More details about the algorithm can be found here: https://www.youtube.com/watch?v=ZZGTuAkF-Hw
Naive Bayes Classifier
Naive Bayes classifier is a supervised classification algorithm.
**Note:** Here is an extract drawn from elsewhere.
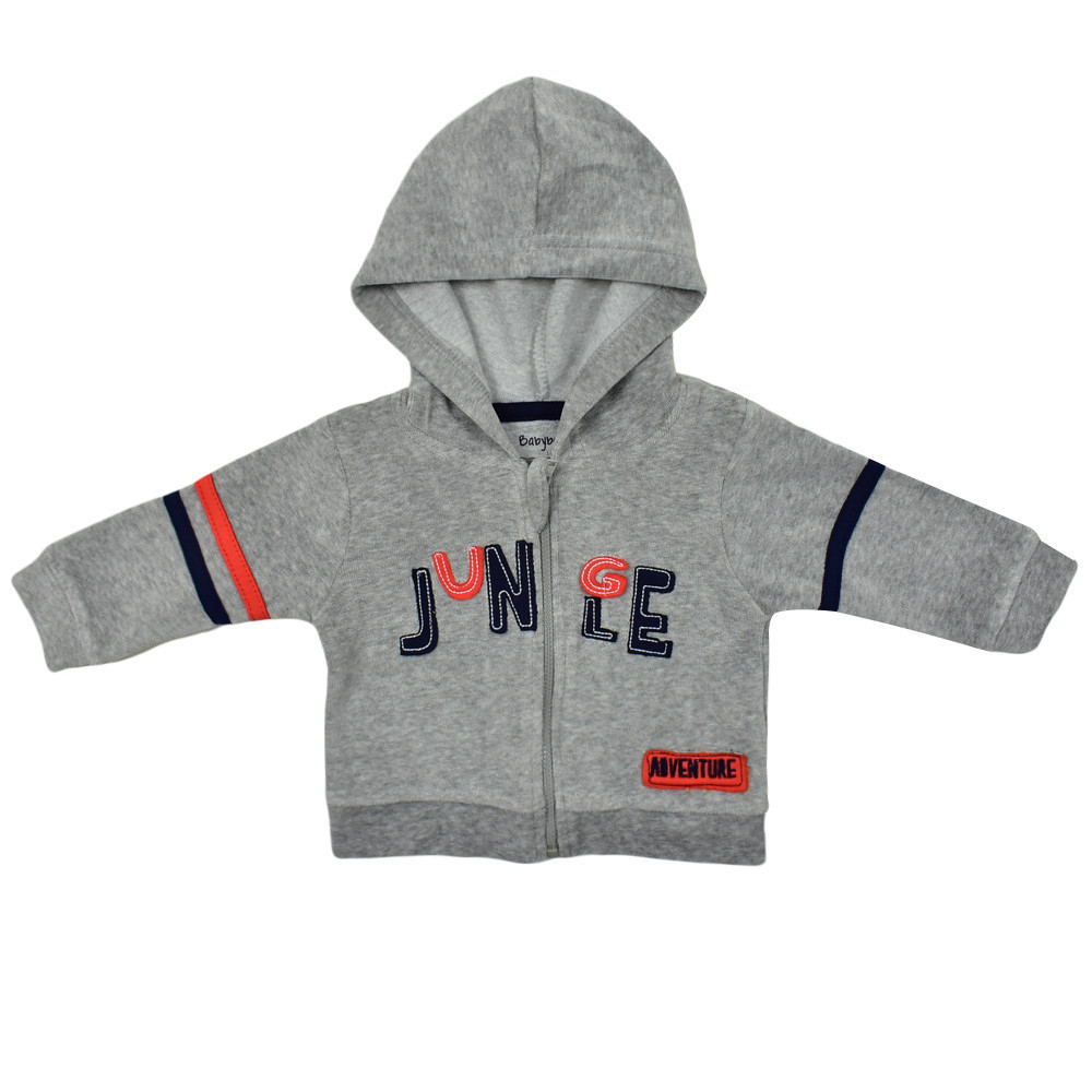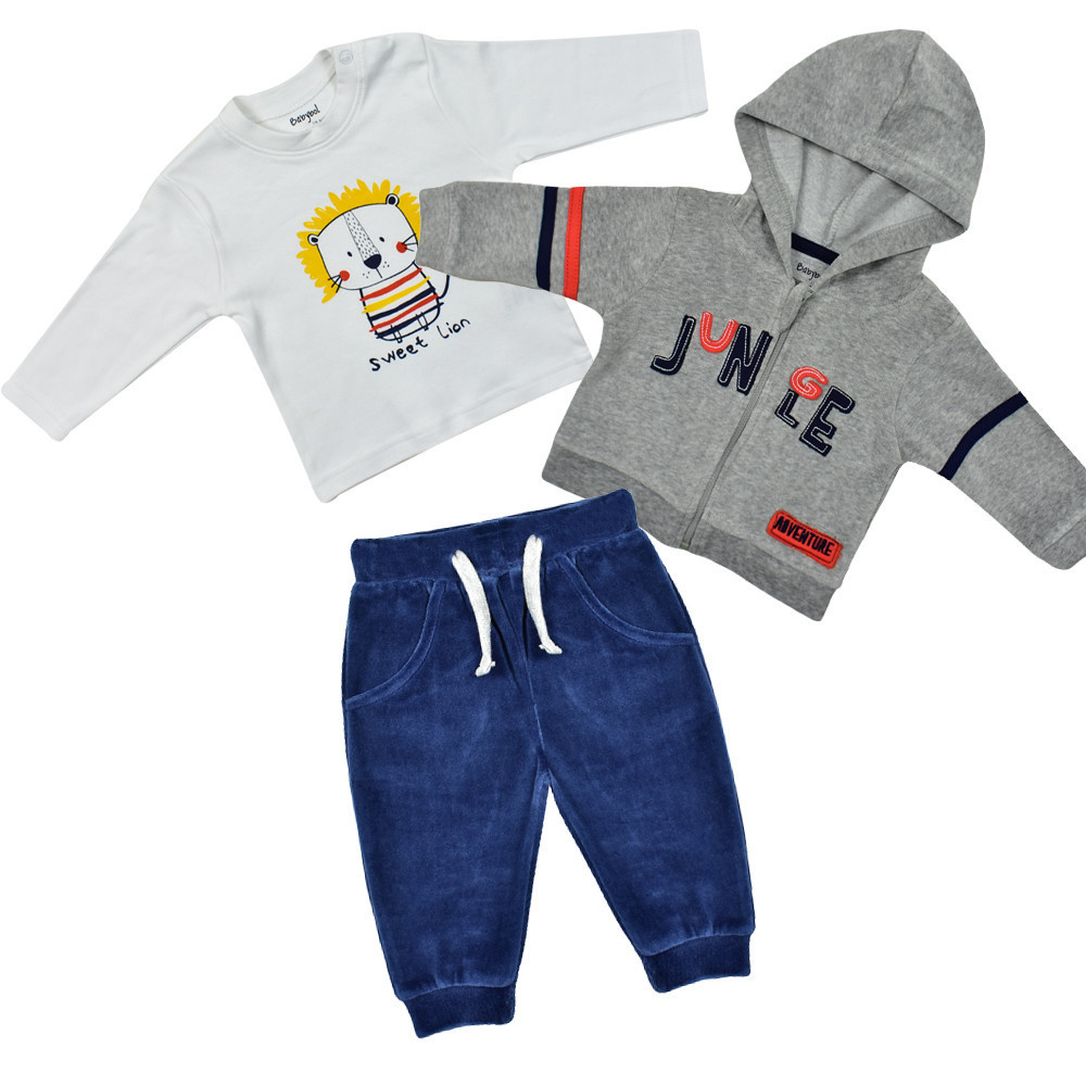 Trening pentru bebe baieti din catifea de la Babybol. Contine jacheta cu gluga , tricou cu maneca lunga si pantalon din catifea.

In this algorithm, we try to calculate P(y|x), but this probability can be calculated using the naive bayes rule:
P(y|x) = P(x|y).P(y)/P(x)
If x is the vector \([x_1,x_2,…,x_n]\), then:
\(P(x|y) = P(x_1,x_2,…,x_n|y) = P(x_1|y) P(x_2|y, x_1) ….P(x_n|y, x_{n-1},…,x_1)\) \(P(x) = P(x1,x2,…,x_n)\)If we suppose that \(x_i\) are conditionally independent (Naive Bayes assumption), then:
\(P(x|y) = P(x_1|y) * P(x_2|y) * … * P(x_n|y)\) \(= \prod_{i=1}^n P(x_i|y)\) \(P(x) = \prod_{i=1}^n P(x_i)\)If \(\exists\) i such as \(P(x_i|y)=0\), then P(x|y) = 0. To avoid that case we need to use Laplace Smoothing when calculating probabilities.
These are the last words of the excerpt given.